Last updated at Fri, 12 Jan 2024 19:18:05 GMT

D-Link Embedded Device Shells

This week, esteemed Metasploit contributor @m-1-k-3 has been at it again with his valiant personal crusade against insecure SOHO (small office/home office) embedded devices with known vulnerabilities. We have a new trio of modules that target D-Link gear, based on the research released by Craig Heffner and Zachary Cutlip, which exploit two bugs present in the DSP-W215 Smart Plug, and one UPnP command injection bug found in the DIR-815.

The research on these embedded devices is really quite solid -- if you're at all interested in this kind of research, you can Craig's excellent notes on his first and second SmartPlug bugs, published in May of 2014, and Zachary's notes on the DIR-815 bug. Following along is now a ton easier with m-1-k-3's Metasploitization of these exploits, too, since you can now see the traffic on the wire if you happen to have one of these routers in your home or lab.

This is the part where I rail about the Internet-of-Things. I'll keep beating this drum because it's not "merely" your home networks that are at risk. If the gadgets are cool and useful enough, you can be sure they will find their way into office spaces across all kinds of industries, making the job of the penetration tester less of an exercise in finding vulnerable devices to target and more of prioritizing which ones should get exploited first.

Nobody updates firmware, ever. Nobody.  As long as they're passing packets, and there's no IT department control over these things, these guys will remain vulnerable forever -- at least, until something radical changes in the embedded device space where updates are automatic and routine -- and don't fall prey to Evilgrade-like attacks, which have been around for a few years now.

Rubocop

Back in Metasploit developer land, we've had some good discussion this week on how to nudge the quality of code we get from our beloved contributors up the maintainability scale. Rapid7's Jon Hart suggested, and then promptly implemented, some hooks to Rubocop, a style-checker based on the well-regarded Ruby Style Guide by Bozhidar Batsov and friends.

So, as of now, default runs of msftidy.rb will include a Rubocop check. The best part of Rubocop is that it can allow for some level of automatic code fix ups, if you launch it with the -a argument. While we don't want to fix your code out from under you, you can at least get a sense of your style guide conformance if you hook up msftidy to your own local git pre-commit hook.

It's important to make clear that style is kind of important for maintainability. If you're involved in an open source endevor and you have more than one contributor to your code base, having multiple, personal styles is not only difficult to read in any sane development environment, but makes the likelihood of logic bugs creeping into your code much, much higher.

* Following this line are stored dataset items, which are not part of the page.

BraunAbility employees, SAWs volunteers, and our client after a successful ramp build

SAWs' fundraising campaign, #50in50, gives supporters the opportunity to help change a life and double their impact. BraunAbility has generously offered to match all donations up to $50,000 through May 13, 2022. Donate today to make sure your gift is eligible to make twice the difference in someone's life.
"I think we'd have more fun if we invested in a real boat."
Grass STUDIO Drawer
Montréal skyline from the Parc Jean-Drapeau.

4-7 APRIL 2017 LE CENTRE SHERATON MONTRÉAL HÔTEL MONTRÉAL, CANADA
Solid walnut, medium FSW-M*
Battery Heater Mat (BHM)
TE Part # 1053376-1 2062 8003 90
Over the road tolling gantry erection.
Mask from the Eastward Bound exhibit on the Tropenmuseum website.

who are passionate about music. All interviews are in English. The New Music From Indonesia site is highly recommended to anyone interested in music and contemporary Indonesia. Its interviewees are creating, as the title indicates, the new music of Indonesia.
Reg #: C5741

Please believe me, we're not trying to make Metasploit contribution less fun by sticking to reasonable standard coding practices -- we're trying to make the code base, as a whole, more accessible, more reliable, and as bug free as we possibly can.

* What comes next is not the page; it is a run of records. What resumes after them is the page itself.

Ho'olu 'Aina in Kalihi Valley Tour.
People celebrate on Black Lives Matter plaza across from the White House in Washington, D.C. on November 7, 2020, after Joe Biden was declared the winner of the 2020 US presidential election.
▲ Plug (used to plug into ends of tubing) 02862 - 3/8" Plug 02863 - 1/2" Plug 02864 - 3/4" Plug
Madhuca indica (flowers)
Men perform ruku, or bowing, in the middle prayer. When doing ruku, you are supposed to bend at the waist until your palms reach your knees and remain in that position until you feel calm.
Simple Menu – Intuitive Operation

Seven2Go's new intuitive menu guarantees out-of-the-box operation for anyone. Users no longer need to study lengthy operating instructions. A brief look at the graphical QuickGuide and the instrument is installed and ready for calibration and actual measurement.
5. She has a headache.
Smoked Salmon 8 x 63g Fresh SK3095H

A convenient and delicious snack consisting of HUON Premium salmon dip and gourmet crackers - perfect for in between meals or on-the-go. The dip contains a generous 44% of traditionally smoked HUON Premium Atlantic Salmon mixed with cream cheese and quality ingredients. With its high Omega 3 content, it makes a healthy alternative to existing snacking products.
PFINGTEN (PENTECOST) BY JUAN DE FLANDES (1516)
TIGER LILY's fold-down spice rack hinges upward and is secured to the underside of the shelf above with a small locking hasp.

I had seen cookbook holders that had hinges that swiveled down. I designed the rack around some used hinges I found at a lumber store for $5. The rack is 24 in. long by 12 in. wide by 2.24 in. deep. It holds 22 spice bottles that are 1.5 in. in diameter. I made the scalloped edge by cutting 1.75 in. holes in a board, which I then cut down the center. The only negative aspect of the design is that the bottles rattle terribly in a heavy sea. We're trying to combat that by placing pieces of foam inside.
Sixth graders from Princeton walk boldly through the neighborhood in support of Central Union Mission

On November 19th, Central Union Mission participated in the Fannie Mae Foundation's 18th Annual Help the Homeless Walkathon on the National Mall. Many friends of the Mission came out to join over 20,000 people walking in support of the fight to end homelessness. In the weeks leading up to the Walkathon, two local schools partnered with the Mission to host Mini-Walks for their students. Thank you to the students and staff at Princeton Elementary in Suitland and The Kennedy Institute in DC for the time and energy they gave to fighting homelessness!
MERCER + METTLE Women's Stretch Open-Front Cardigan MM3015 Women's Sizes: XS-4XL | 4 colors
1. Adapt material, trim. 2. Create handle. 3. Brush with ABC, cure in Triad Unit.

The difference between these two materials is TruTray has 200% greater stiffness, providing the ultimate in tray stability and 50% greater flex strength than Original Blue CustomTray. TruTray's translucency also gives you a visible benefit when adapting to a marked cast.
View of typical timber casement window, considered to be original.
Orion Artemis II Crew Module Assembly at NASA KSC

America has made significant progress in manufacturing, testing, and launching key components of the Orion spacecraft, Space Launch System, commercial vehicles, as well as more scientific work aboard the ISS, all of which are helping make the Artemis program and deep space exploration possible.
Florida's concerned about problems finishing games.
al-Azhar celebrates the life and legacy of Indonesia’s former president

You can see rubocop -a in action over on Pull Request #3543, where we apply some automatic fixes on the tried-and-true MS08-067 module. Keep in mind we're still experimenting here -- if you have a module that doesn't hit the style guide 100%, we're not going to hold it against you, and won't block commits because of it. Hopefully, though, this kind of automatic syntax checking will go a long way to shoveling more awesome into Metasploit faster.

New Modules

As reviewed above, we have three new exploits, all D-Link, and one new auxiliary module, which targets Michele Spagnuolo's Rosetta Flash vulnerability, CVE-2014-4671.

Exploit modules

  • D-Link info.cgi POST Request Buffer Overflow by Craig Heffner and Michael Messner exploits OSVDB-108249
  • D-Link HNAP Request Remote Buffer Overflow by Craig Heffner and Michael Messner exploits CVE-2014-3936
  • D-Link Unauthenticated UPnP M-SEARCH Multicast Command Injection by Michael Messner and Zachary Cutlip

Auxiliary and post modules

  • Flash "Rosetta" JSONP GET/POST Response Disclosure by joev and Michele Spagnuolo exploits CVE-2014-4671

For additional details on what's changed and what's current, please see Chris Doughty's most excellent release notes.